- [Exercise aim]:
Only the lines from the one bearing "すると、コードがダウンロード" through the end of the listing belong in your response, restated word for word and without pictures.

##### Given information

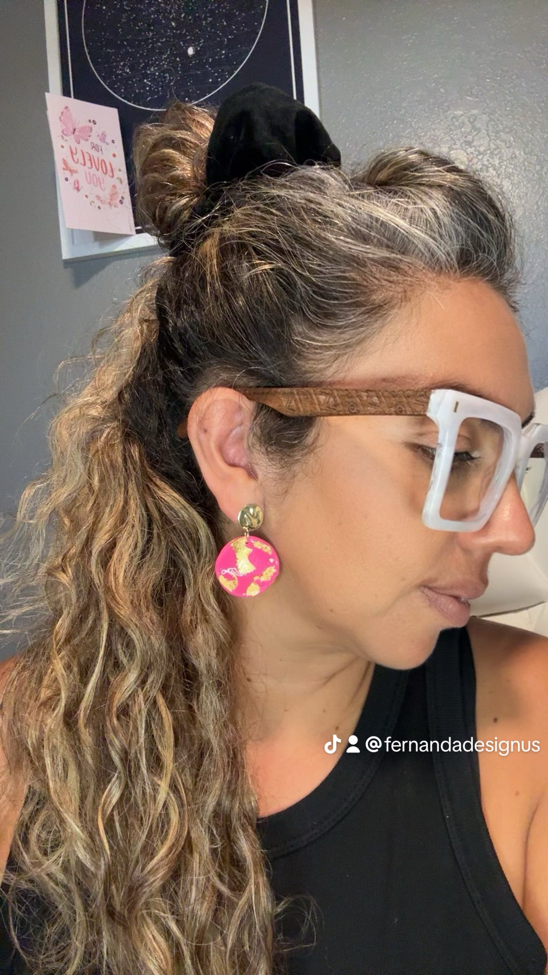 The Magenta Royale earrings radiate strength and sophistication. Inspired by contemporary elegance and the power of color, they blend a vibrant magenta hue with golden accents that evoke luxury and confidence. Their round, glossy design turns every movement into a statement of bold, effortless style.
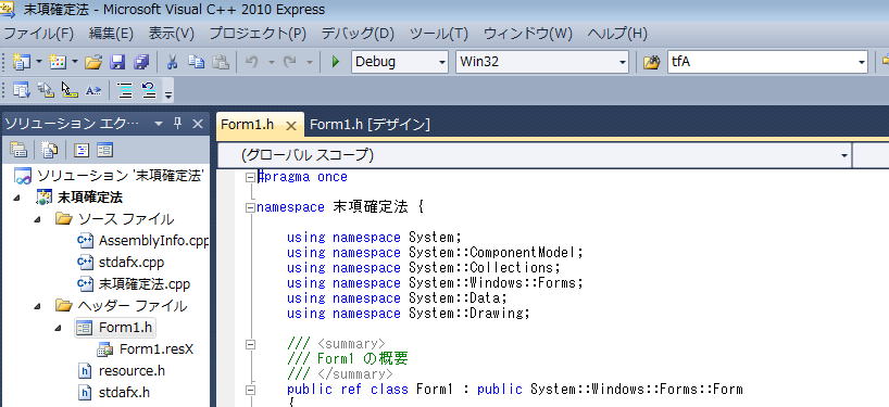 すると、コードがダウンロードしたダウンロードファイルForm5.hと同じになります。
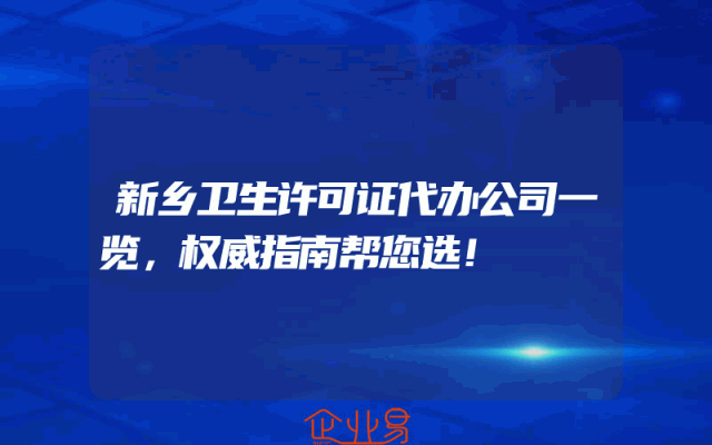 - 新乡卫生许可证代办公司一览,权威指南帮您选!
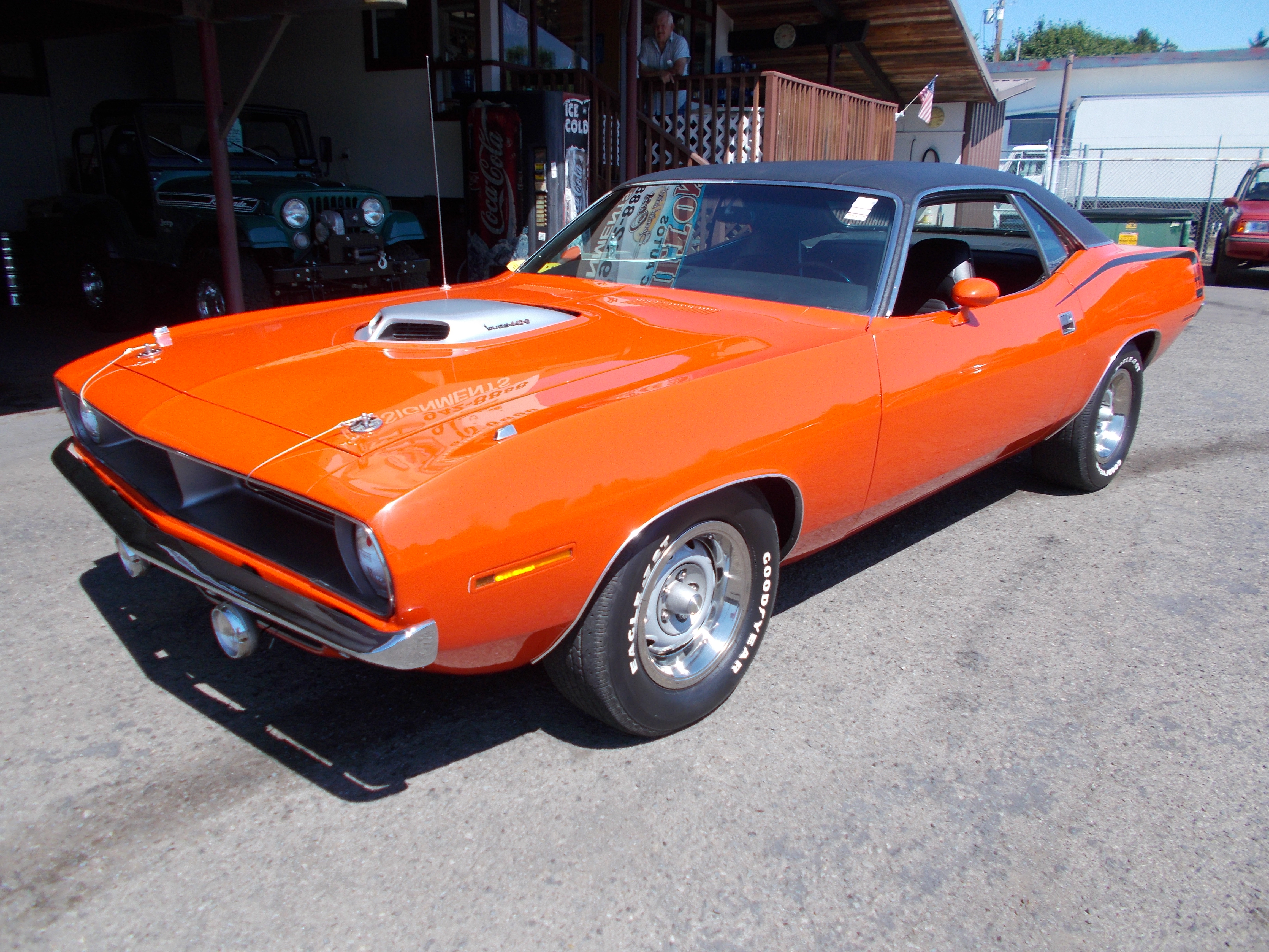 1970 Plymouth Cuda tribute. 440 V-8, Auto trans. Motor, trans and six pack are period correct 1970. Shaker Hood. Car was built about 20 years ago. Have some pictures during build. Car started as a 318 V-8 Barracuda, auto trans, (posi rear end- still in car) and was a Factory A/C car. Minable rust repair - Small panel in trunk and around front and rear window. Paint and body excellent, Interior has new seat covers, Carpet and head liner. original dash, door panels and center console. Motor is stock with mild cam and upgraded ignition system. Too much to list, call if serious. # A-2165 $89,500 NOW! $64,500 SOLD!
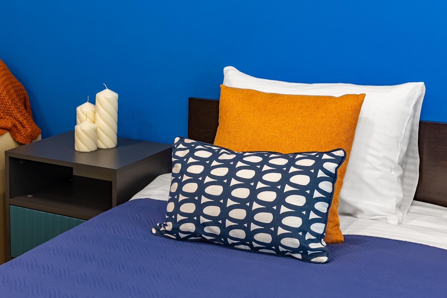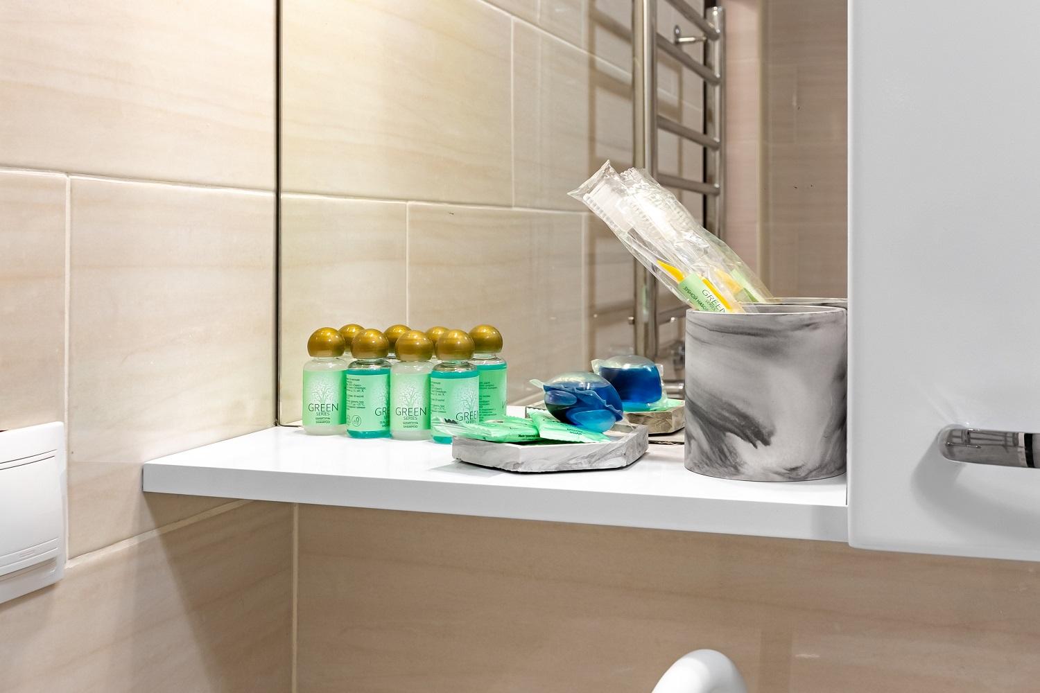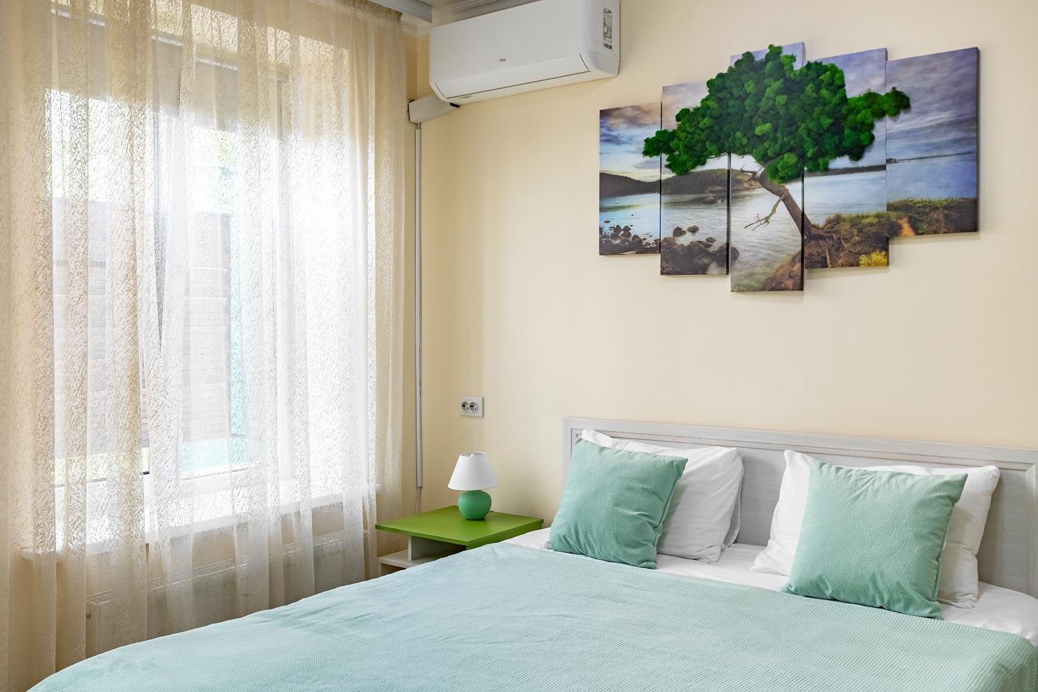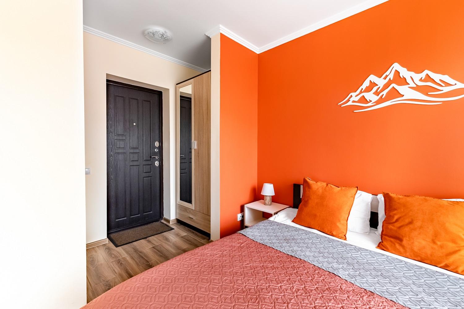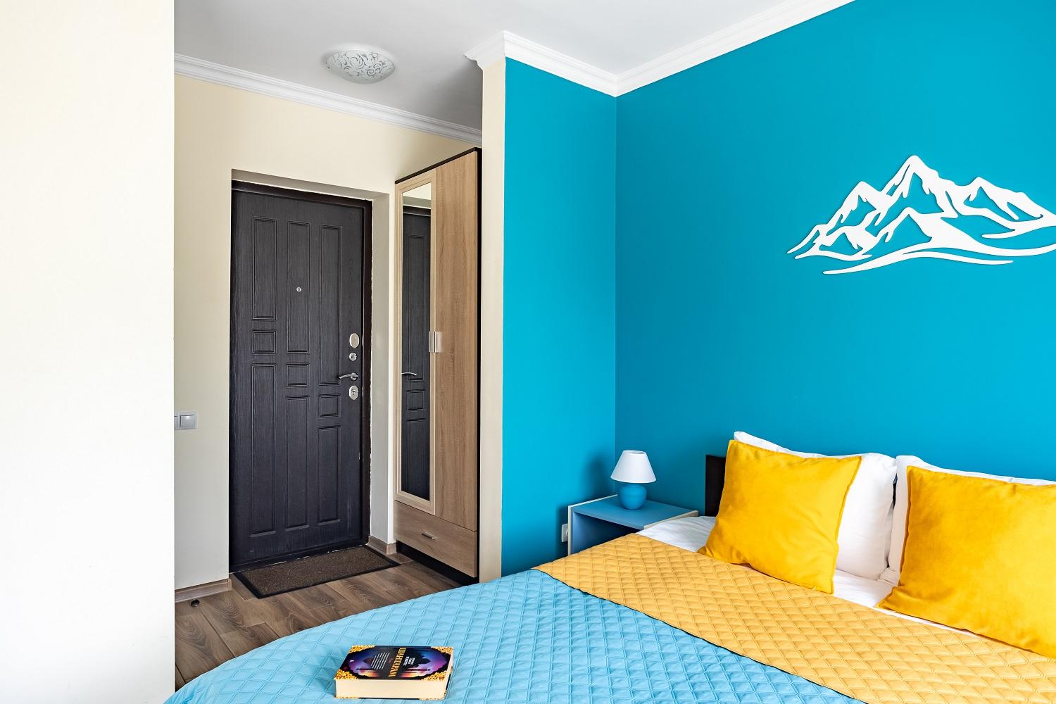 - В номере: душ, туалет, ТВ, холодильник, кондиционер, мини-кухня, электрочайник, СВЧ-печь, двуспальная кровать
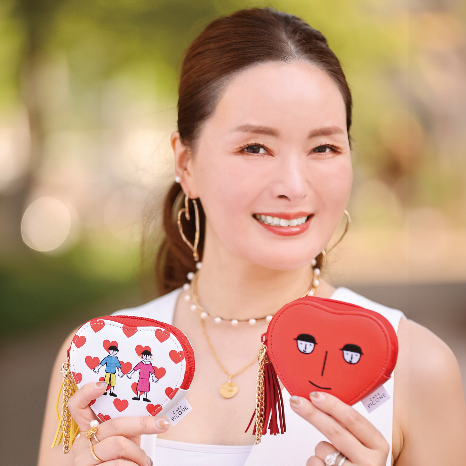 ポーチ2つはCASA PICONE×BABBIのコラボ。ピアスはLani Couture。デザイン性があり、子供っぽくなりすぎないので大人でも◎。

##########

- [Answer space]:
 すると、コードがダウンロードしたダウンロードファイルForm5.hと同じになります。
 - 新乡卫生许可证代办公司一览,权威指南帮您选!
 1970 Plymouth Cuda tribute. 440 V-8, Auto trans. Motor, trans and six pack are period correct 1970. Shaker Hood. Car was built about 20 years ago. Have some pictures during build. Car started as a 318 V-8 Barracuda, auto trans, (posi rear end- still in car) and was a Factory A/C car. Minable rust repair - Small panel in trunk and around front and rear window. Paint and body excellent, Interior has new seat covers, Carpet and head liner. original dash, door panels and center console. Motor is stock with mild cam and upgraded ignition system. Too much to list, call if serious. # A-2165 $89,500 NOW! $64,500 SOLD!
 - В номере: душ, туалет, ТВ, холодильник, кондиционер, мини-кухня, электрочайник, СВЧ-печь, двуспальная кровать
 ポーチ2つはCASA PICONE×BABBIのコラボ。ピアスはLani Couture。デザイン性があり、子供っぽくなりすぎないので大人でも◎。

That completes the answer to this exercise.